The Lovers: Afghanistan's Romeo and Juliet, the True Story of How They Defied Their Families and Escaped an Honor Killing

Image of The Lovers: Afghanistan's Romeo and Juliet, the True Story of How They Defied Their Families and Escaped an Honor Killing
Author(s): 
Release Date: 
January 25, 2016
Publisher/Imprint: 
Ecco
Pages: 
384
Reviewed by: 

Marriage is impossible. Zakia’s life will be forfeited, her brother’s inheritance lost in the pursuit of justice, and the family’s honor will vanish until she is brought to what is a cold and cruel, a sexist and racist, justice. Her family will disown and likely murder her, should they find her. It will be her father, her brothers, and her male cousins who hunt Zakia down for loving and following after Ali in order to have a life she dreams about.

Zakia and Ali are from rival sects and disparate ethnicities—Sunni and Shia, and Tajik and Hazara. They live in Bamiyan in central Afghanistan (where the famous Buddha statues were blown up by the Taliban in 2001) and from flirtation across the village fields and secretive phone calls, their love is discovered and threatened, violently and physically, by Zakia’s brothers and her father. Zakia is willing to risk her life to be with Ali. She runs away from home and finds safety at a women’s shelter and then summons the courage to cross the mountains into Ali’s arms.

The sentimental title is unfortunate because things didn’t end well for Shakespeare’s couple and tempts fate for Zakia and Ali’s ending. Love hasn’t quite triumphed. While love has brought Ali and Zakia a daughter named Ruqua and has mended the bonds with Ali’s family, who has welcomed both of them, Zakia is still at risk of being murdered after her family’s public declaration of vengeance. Both have returned to the village where everything began, and Ali works the fields with a loaded pistol at his side at all times.

Rod Nordland, an international correspondent and the Kabul bureau chief for the New York Times, gets personally involved in Zakia and Ali’s stories, trying to help them financially and through the governmental red tape to safety and happiness, straining the limits of propriety of a reporter’s distance from his story.

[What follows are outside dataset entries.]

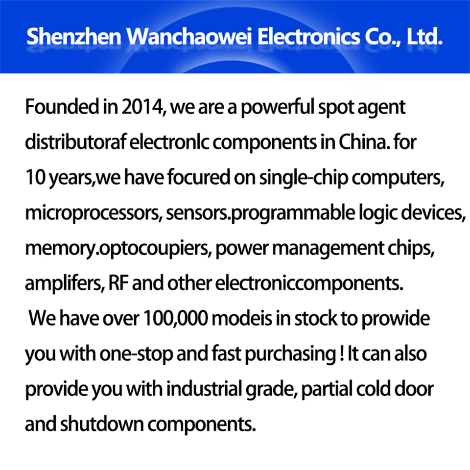 Wan chao wei a été créé en 2014, nous sommes un distributeur de composants électroniques avec un grand nombre de canaux d’alimentation à long terme et stables. Fournir des circuits intégrés coprofessionalmmon ou rares pour les clients du monde entier. Notre équipe professionnelle déploie un grand nombre de stocks au comptant nationaux via l’énorme base de données système client de l’entreprise chaque jour, Fournissez soigneusement la citation du modèle de produit pour chaque client.
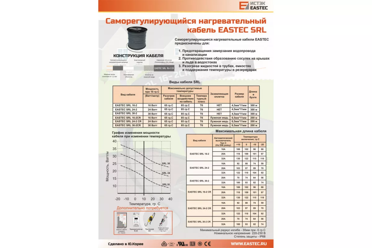 Греющий кабель EASTEC SRL 24-2:
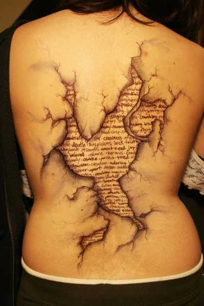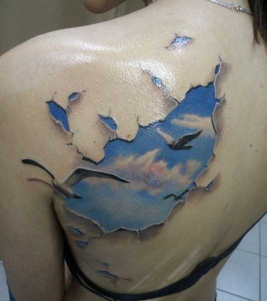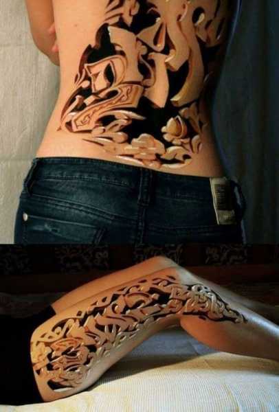 Татуировка на теле все больше набирает популярность среди молодежи.Кто-то делает татуировку в память о каком-то событии, кто-то делает девиз или символ его жизни, а кто-то- просто красивый рисунок. Любители красивых изображений на теле часто делают 3D татуировку. Профессиональный художник создает настоящий шедевр на теле человека. Многие 3D татуировки поражают своими деталями. Действительно, мастерство художника должно быть на высшем уровне, чтобы суметь создать эскиз и четко нанести его на тело. Но некоторые татуировки, честно сказать, шокируют.

There are occasions when Nordland and his cohorts seem to step beyond boundaries in order to get a story. For instance, while Zakia is still in the women’s shelter, his photographer barges in past the barriers, despite men not being allowed, and knowing enough of the language to understand what is being said, and taking her picture, and then plastering it over the country to make her and Ali poster children for Western ideals when they are being threatened by their families.

Nordland also includes stories of several other honor killings in this book over love marriages and elopements of other Romeos and Juliets. This is an eye-opening book that is great for starting conversations on women’s rights in other cultures and talking about ethical dilemmas in reporting.

This book would be a good college common reader for its potential for discussions on human rights, social justice, reporting, extremist religion, the role of the United States in Afghanistan, and more.

Furthermore, the story itself is easy to read and follow, though it does slow down at times as details are added into the story to detail the setting or to follow up on some facts, which readers may not be interested in when compared to the main narrative. However, the historical facts Nordland supplies on topics such as Afghanistan’s struggle with Communism and its reaction with extremist Islam and other informational pieces will help paint a larger picture of a country we so often hear about and know so little about.